As he well knows who took me as his wife
with jeweled ring before he took my life." (V. 136-143)

Effective, right? Ciardi writes that Pia "has been traditionally identified as Pia de' Tomolei of Siena, who married a Guelph leader and was murdered by him. The identification is doubtful, however" (p. 212 note to l. 140).

Whoever she was, wow. What a way to be immortalized.

Sunday, December 7, 2008

historical anecdotes are my calling, it seems

This is what our friend Clare's cat, Shark, thinks of Beowulf. Perhaps it is because he is a monster of the deep, and Beowulf dispatched a few of those.

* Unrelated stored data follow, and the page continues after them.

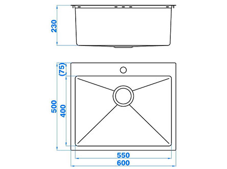 型號:5422款式:單盆安裝方式:嵌入式總尺寸:600*500 mm大盆:550*400*230 mm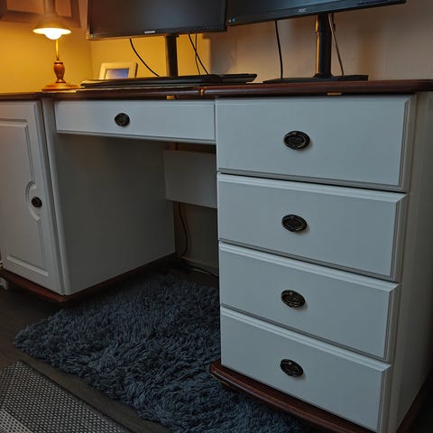 Hyväkuntoinen valkoinen työpöytä, ulosvedettävällä sivutasolla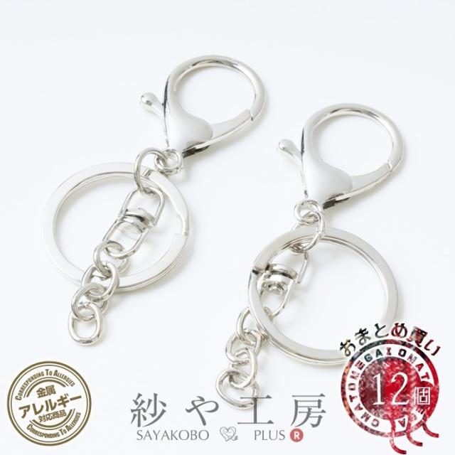 キーホルダーパーツ ニッケルフリー 65mm シルバー 12個 フック付 チェーン付 金属アレルギー対応 手作りキーホルダー 約6.5cm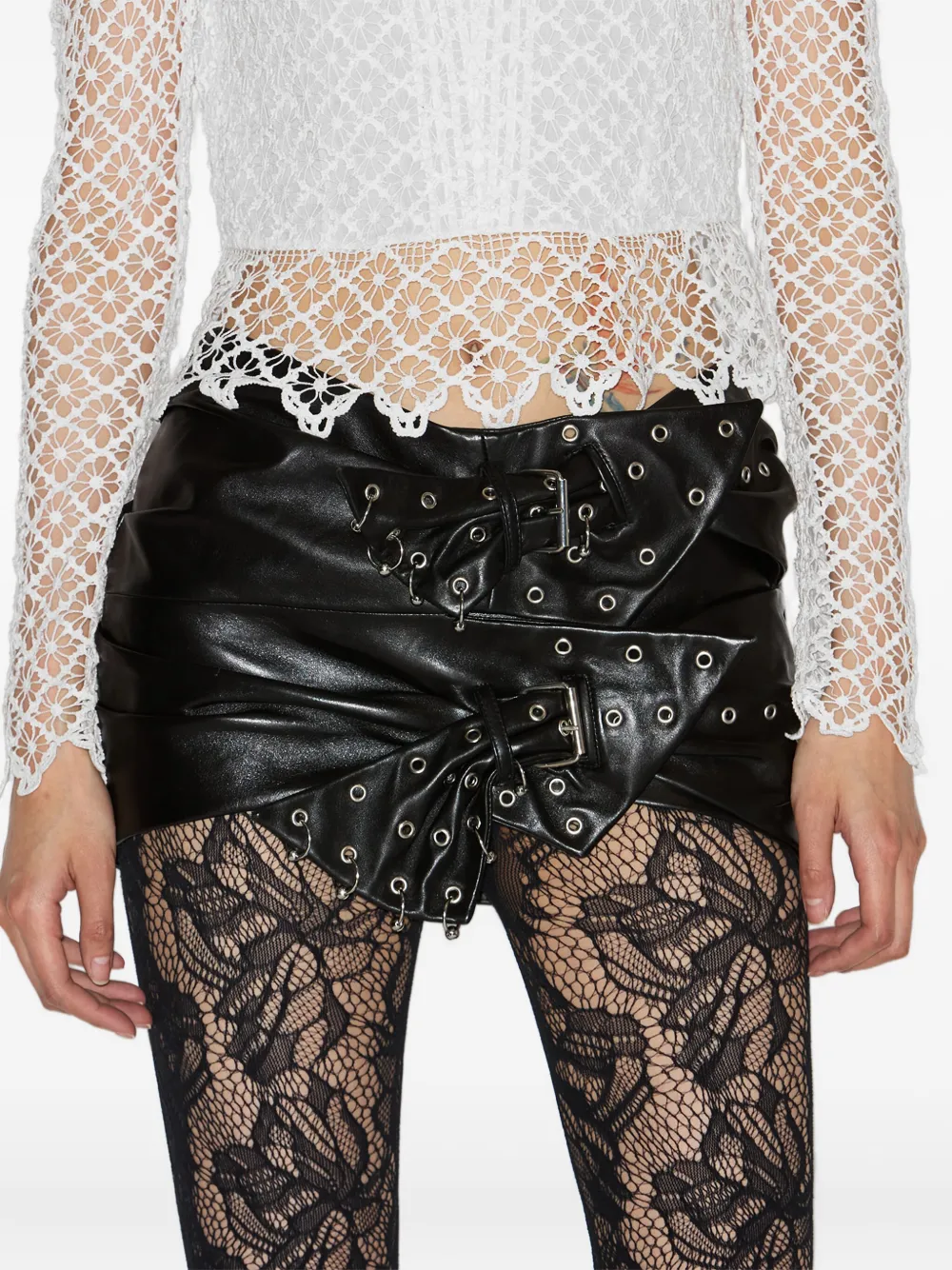 Черная овечья кожа детали с пряжкой детали с люверсами драпированный дизайн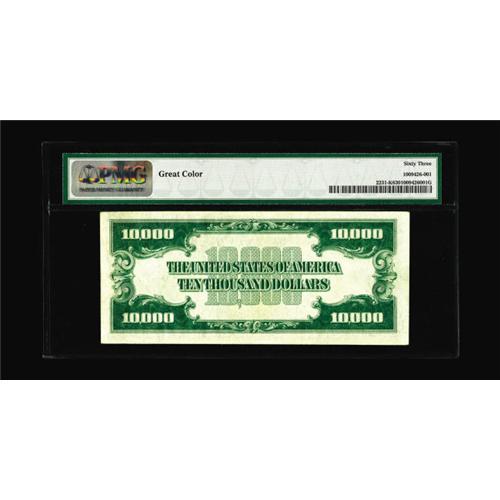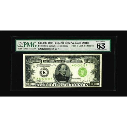 <B>Fr. 2231-K $10000 1934 Federal Reserve Note. PMG Choice Uncirculated 63.</B></I><BR>This glorious example becomes the ninth $10000 note from the Dallas district reported. Nice margins and vivid inks are seen noted by PMG as "Great Color." We hope our estimate proves a bit conservative at...

This is certainly a testament to my hunger for anecdotes, but the story of the Beowulf manuscript! So no-one really knows where it came from or who wrote it, but they know it was part of the collection of one Robert Cotton upon his death in 1631.

(The best thing about this collection is the organization. Cotton kept a different bust on each bookshelf, and that was how he catalogued his books. So Beowulf was "Vitellius.A.xv," indicating its position on the first shelf on the bookcase decorated with a bust of Vitellius. When I am Librarian of Congress, I will be adopting this system.)

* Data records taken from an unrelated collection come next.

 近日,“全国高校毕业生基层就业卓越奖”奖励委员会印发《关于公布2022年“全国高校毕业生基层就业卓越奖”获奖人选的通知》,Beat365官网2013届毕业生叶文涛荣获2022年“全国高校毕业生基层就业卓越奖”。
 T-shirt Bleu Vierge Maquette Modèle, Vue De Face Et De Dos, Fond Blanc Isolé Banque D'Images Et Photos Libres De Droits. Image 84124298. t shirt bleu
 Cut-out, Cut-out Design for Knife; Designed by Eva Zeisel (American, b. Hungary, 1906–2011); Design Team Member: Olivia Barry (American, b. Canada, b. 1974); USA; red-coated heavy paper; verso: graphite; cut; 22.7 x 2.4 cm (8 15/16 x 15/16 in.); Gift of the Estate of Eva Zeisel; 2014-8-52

Anyway, the manuscript was living in Ashburnham House in Westminster in 1731 when there was a fire. Some manuscripts burned, and Beowulf's edges were scorched. Its snug leather covers saved it, and the trustees who broke into a burning library in order to throw books out of the windows and keep them safe.

Enough of this heroic firefighter fantasy. Give me a Beowulf-saving librarian any day.

So this stout little manuscript survives for at least 700 years before anyone even thinks to make a copy. Finally a man makes two transcripts and takes them to Copenhagen, where he prepares Beowulf for publication. Except, whoops, in 1807 the British bomb the city and burn his house down. Eventually Beowulf gets published in 1815.

Admittedly it's not as poetic as if a monster came out of the sea and ate the manuscript.